データが別にあるため,今月の新聞は遅れこそしたものの発行されたわけだから,新聞の焼失が目的であったとは考えにくい。それとも,発行を遅らせること自体が目的だったのだろうか。でも再発行前後の紙面を確かめてみたけれど佐々木先生に関係する記事はなさそうだったし,先生が犯人だった場合もう1人の鍵の持ち主である部長のアリバイがない時に放火する方が疑いを分散出来て合理的なはず。
「部長が共犯関係にあるという可能性は検討されていないのですか?」
窓の鍵を弄ぶのに飽きたのか,ロッカーに納められているファイルを取り出してパラパラと過去の新聞を捲っている。わたしは鍵を貸してくれた部長を思い出し手の中の鍵を何となく撫でた。
「実は,捜査が始まった段階では真っ先にその可能性が疑われていたんだよね。でも,捜査を進める内にその可能性は否定されていった」
理由は,どこにでもあるような人間関係の拗れだ。
新聞の作成に際し2つの班で分業を行っているということだけれど,それは言い換えれば対立が生じる下地があるということだ。

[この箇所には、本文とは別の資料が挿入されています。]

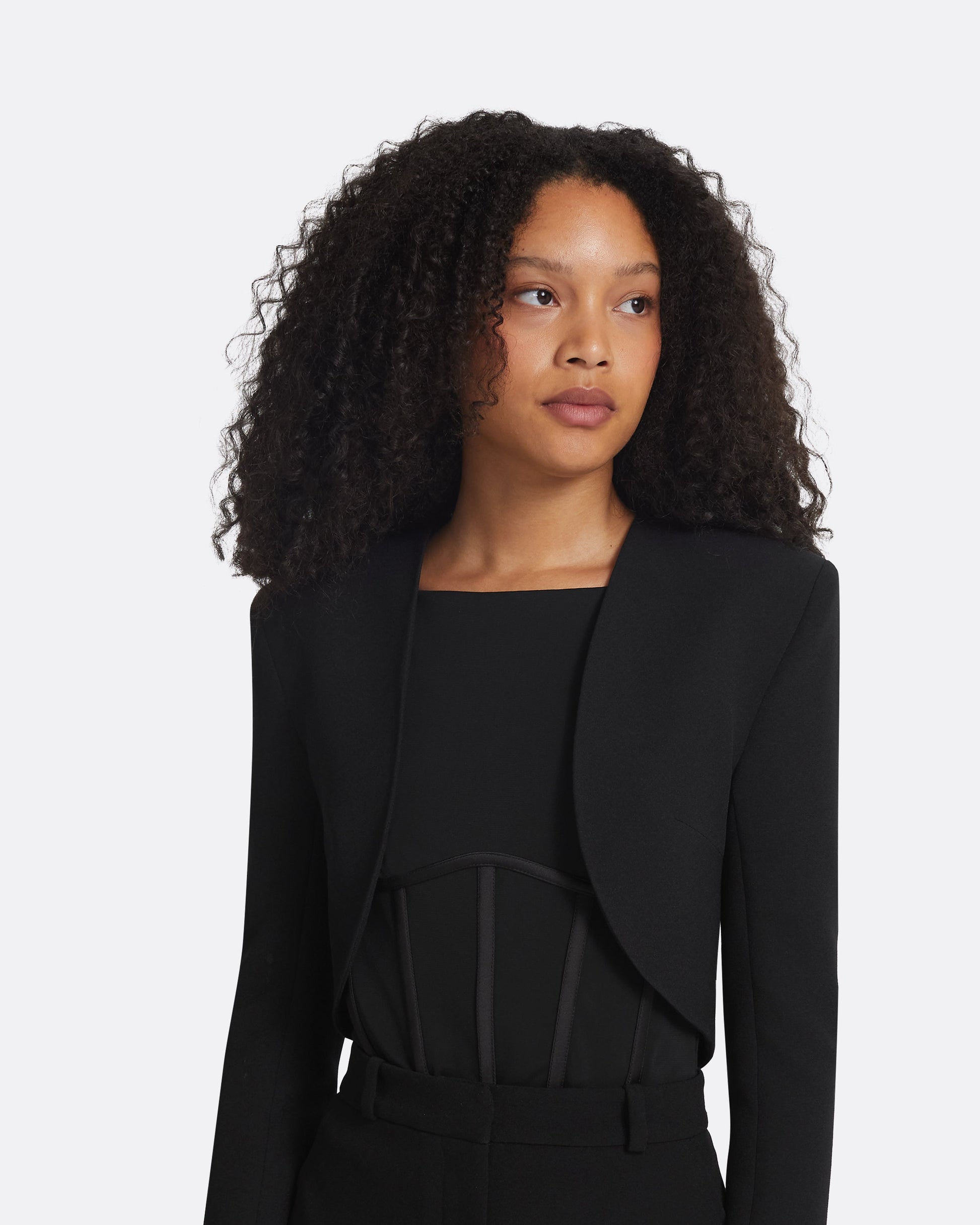 Cropped harness with sculpted neckline in black Heavy Crepe.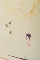Surrealistisk farveætsning af en kvindes ansigt, antydet med fine linjer og gyldne toner, fremstillet mod en foldet klædeflade. Kompositionen rummer tre hvepse samt en bloddråbe, der giver værket en symbolsk og urovækkende karakter.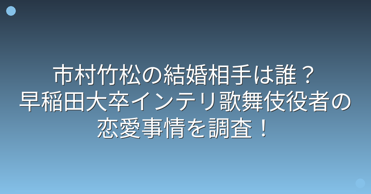 2025年9月時点では、市村竹松さんの結婚に関する具体的な情報は公表されておらず、結婚相手についても明らかになっていません。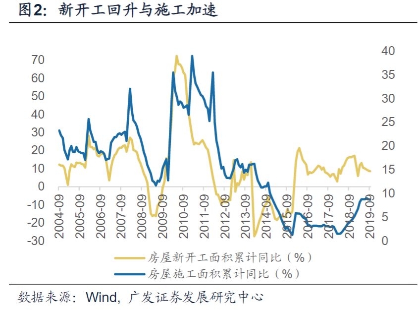 这一轮房地产施工回升的时点滞后于新开工;施工周期偏长,且竣工时点出现得更晚。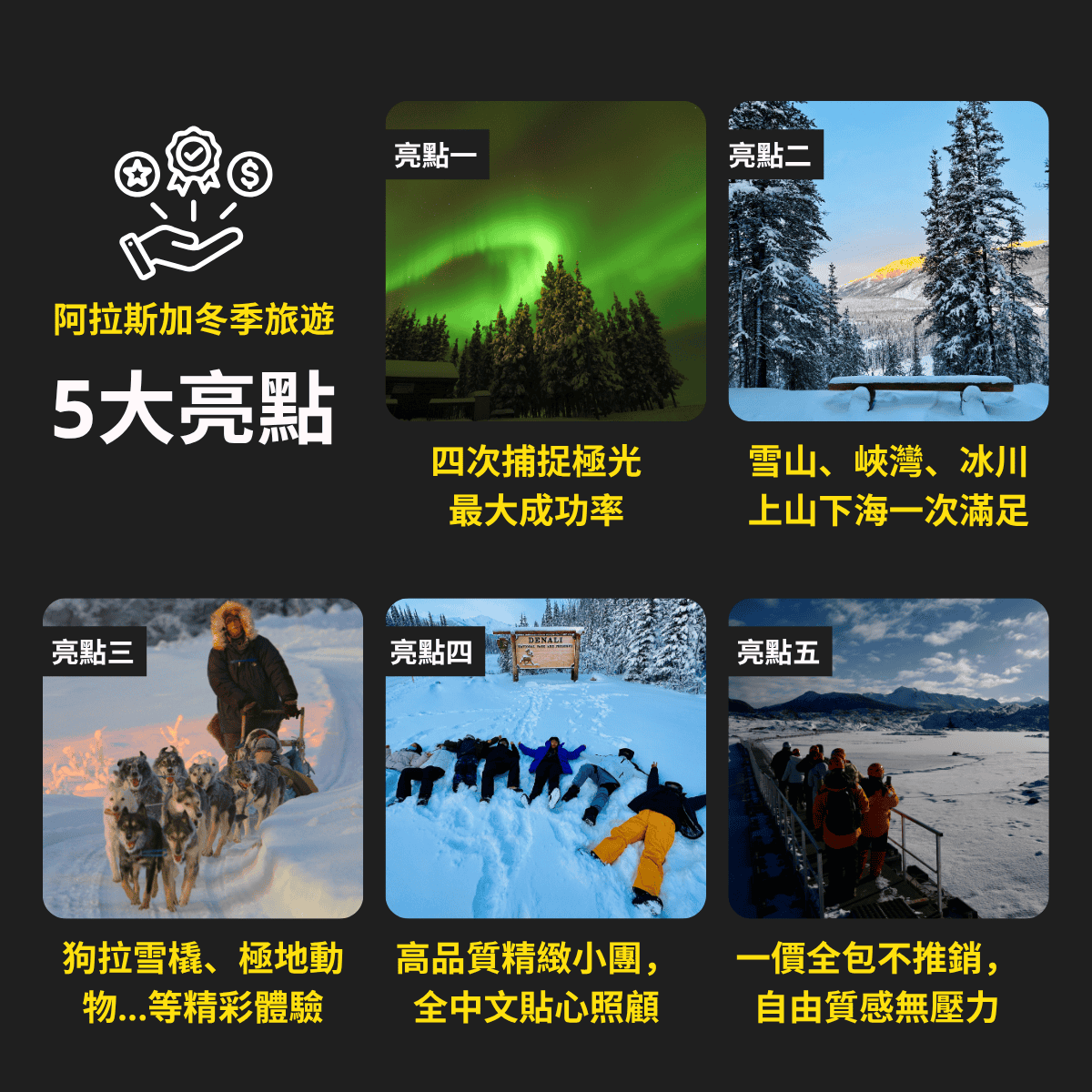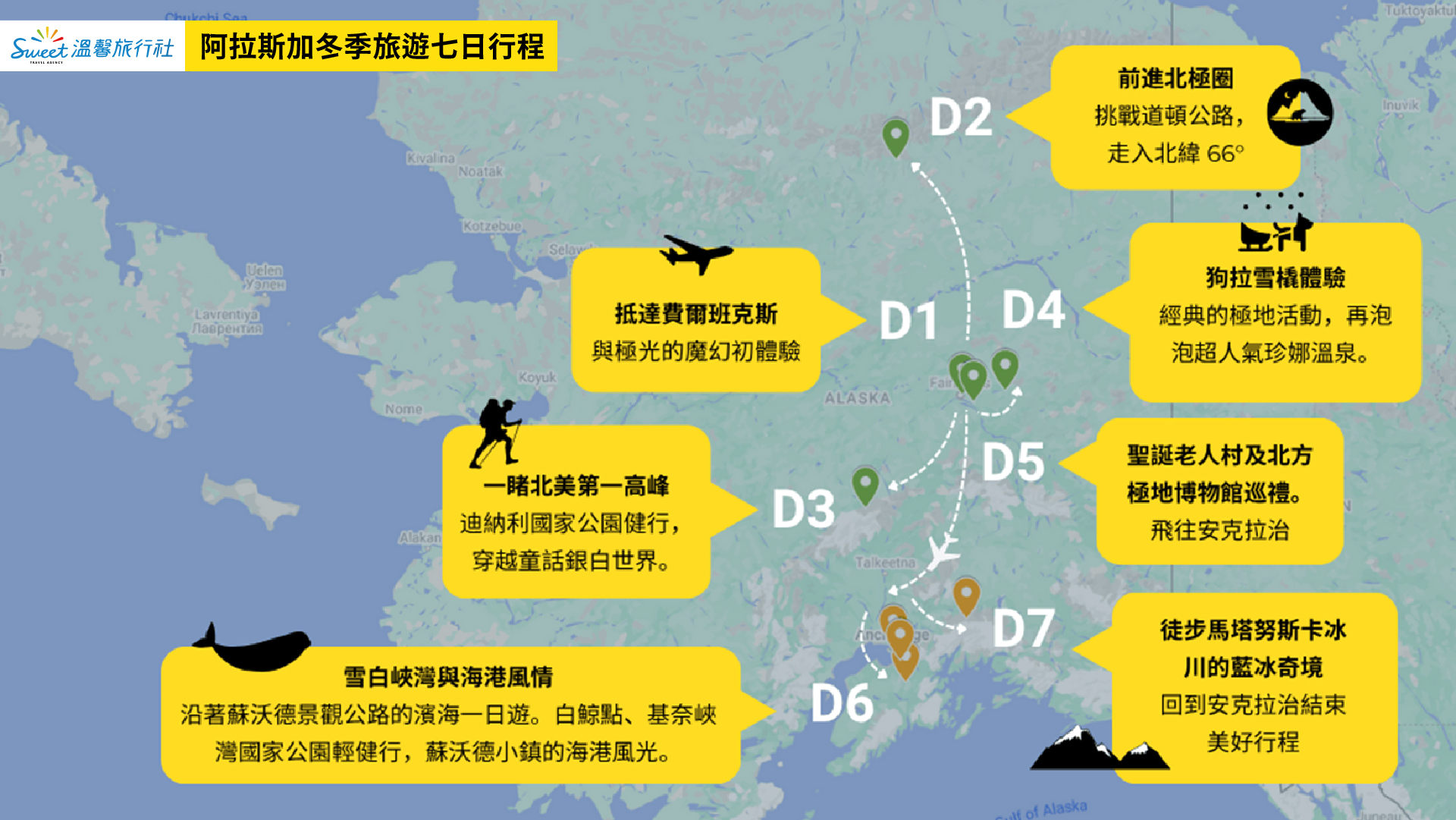 從費爾班克斯的極光初見,到迪納利雪林漫步、狗拉雪橇的歡笑、珍娜溫泉的冰火雙享受,再到冰川與海灣的深刻洗禮。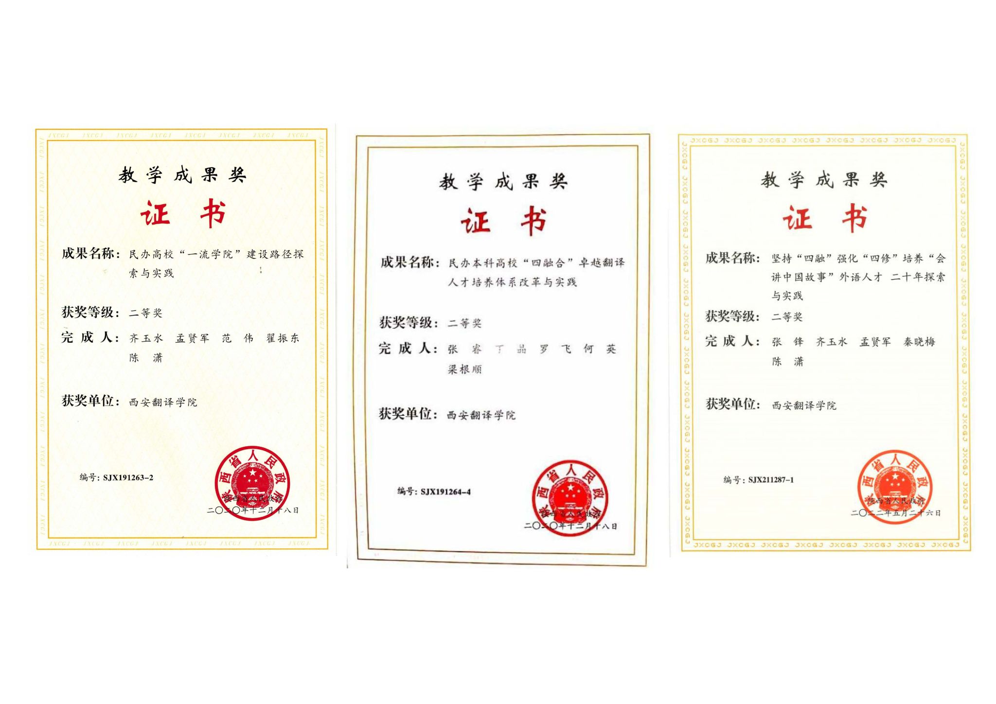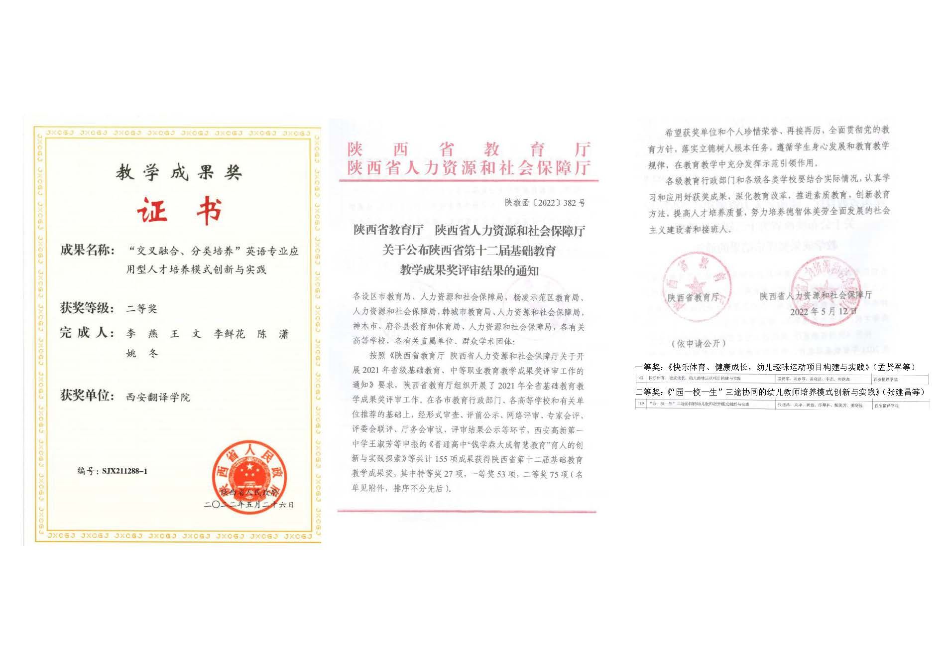 陕西省教育教学成果奖每两年评审一次,是全省教育教学研究和实践领域颁授的最高奖项,是评价高校人才培养工作水平和教育教学改革成果的核心指标,代表了全省教育教学成果的最高水平。自2007年起,我校连续斩获8届陕西省教育教学成果奖,累计获奖项目12项,这是我校教师经过多年努力取得的创造性成果,也充分体现了学校教育教学改革工作的重大进展。

新聞部の慣習として代替わり毎に文化・報道の各班長が部長・副部長を交互に歴任してきたらしい。けれど現部長である是枝顧寄3年生が就任する時,その形式が打ち破られた。文化班班長だった是枝部長は,文化班副班長を副部長に据えたのだ。つまり報道班班長,副班長の両名は役職が上がることなく新年度を迎えたことになる。それ以前より両班の対立は少なからずあったらしいけれど,このことをきっかけにより深刻化してしまったそうだ。
『これまでの校内新聞は部活で何か成績を残したり,学察が解決した事件を追ったり,何か新しい変化が起きたらそれを伝えるという受動的な役割しか担ってこなかった。積極的に情報を扱うには比較的柔軟性の高い文化面を拡充する必要がある』
是枝部長に何故対立を深めるようなことをしたのか聞いた時,彼はこう答えた。それを聞けば尤もらしいけれど,そのせいで当ての外れた報道班の面々は納得しないだろうし,本当に文化班副班長を副部長に格上げする必要があったのかという点に関しては疑問が残る。
だけど,だからこそミーティングに参加していた面々が協力するとは考えにくい。
「今回のぼやを起こすために敢えて対立が深まっている振りをしていたという線も考えられますけれどね」
相変わらず動機は不明ですが。
井上は何気なくそう独り言つけれど,わたしは目から鱗が落ちた気分だ。確かに,現実にあり得るかどうかはともかく可能性としては全くないわけではない。というか,学察でその線を疑っている捜査員はいないのではないだろうか。
「一先ずややこしい可能性には触れないでおきましょうか。ですがそうなると顧問による犯行と同じ程度に是枝部長が第三者に鍵を渡していたという可能性が考えられますね。今月の発行を遅らせたり過去の新聞を焼失させたりするのが犯行の目的とすれば不自然ですが報道班との対立による嫌がらせと考えれば筋が通らないとも言えません。対立の事情を知った上で事件を概観すると部長にアリバイがあるのは作為的に思えますね」
井上はつまらなさそうにそう言いながらファイルを戻す。動機が見通せないものの可能性がいくつか絞り込めたため,半ば事件を解き明かしたつもりなのだろうか。
だけど,学察をなめられてもらっては困る。その程度の可能性考慮しなかったわけではないのだ。
「残念だけどそれはありえない。是枝部長はキーケースにここの鍵を保管しているんだけど,部室にいる間そのケースを机の上に置くのが習慣だったみたい。そして事件当日のミーティング中も,報道班の班長が机の上にそのケースがずっと置かれていたのを確認しているんだって」
この密室はそう簡単に開かない。
それが分かったのだろう,井上は新しいおもちゃを手に取った子供のように笑った。